Non Vectorized Filtering

In some situations, the filtering logic we wish to carry out can not be applied in a vectorized manner column wise, rather it needs to be applied in a non-vectorized manner to each row individually.

In this example, we wish to filter rows where the mean of the values of the columns ‘col_1' and ‘col_2' is greater than 0.

df_2 = df.loc[(df
        .apply(lambda x: np.mean([x['col_1'], x['col_2']]), axis=1)
        .gt(0))]

Here is how this works:

  • As covered in Custom Filtering, we can run a function inside loc[] to subset rows so long as it results in a Series of logical True or False values with the same length as the number of rows in the data frame.
  • We use apply() while setting axis=1 to compute the mean of the values of ‘col_1’ and ‘col_2’ for each row.
  • We compare the output of apply() with 0 via gt(0) (a function form of the greater than operator covered in more details in Numerical Operations) to get a logical Series that has a value of True where the mean of the values of the columns ‘col_1' and ‘col_2' is greater than 0 and False otherwise.
  • The resulting logical Series is then passed to loc[] to return the rows corresponding to values of True.
  • See Non Vectorized Transformation for a deeper coverage of non vectorized operations.

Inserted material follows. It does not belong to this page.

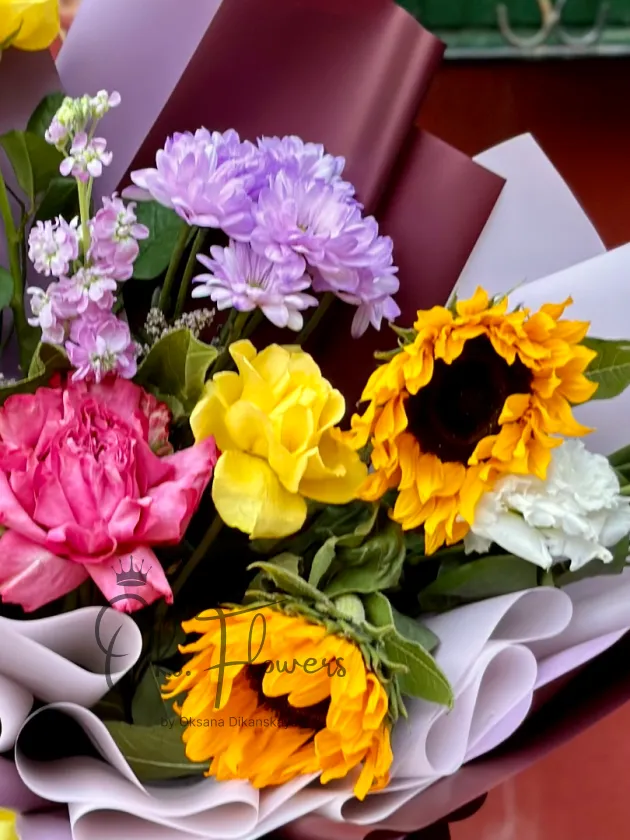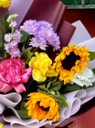 Это яркий, жизнерадостный и энергичный букет, где солнечные подсолнухи, насыщенные розы и пастельные хризантемы создают ощущение праздника, тепла и радости. Упакованный в контрастную бумагу с лентой — он идеален для тех, кто ценит яркие эмоции, природную силу и безупречный стиль.

All the scenarios covered there can also be applied for filtering.

Alternatively,

df_2 = df.loc[(df[['col_1', 'col_2']]
        .apply(np.mean, axis=1)
        .gt(0))]

Here is how this works:

  • In this particular case we can pass the values of 'col_1' and 'col_2' as a Series to the np.mean() function.
  • To do so, we select the columns we wish to pass to the function via basic indexing in df[['col_1', 'col_2'] .
  • We then apply() the np.pean() function while setting axis=1 to specify that apply should act on rows one at a time.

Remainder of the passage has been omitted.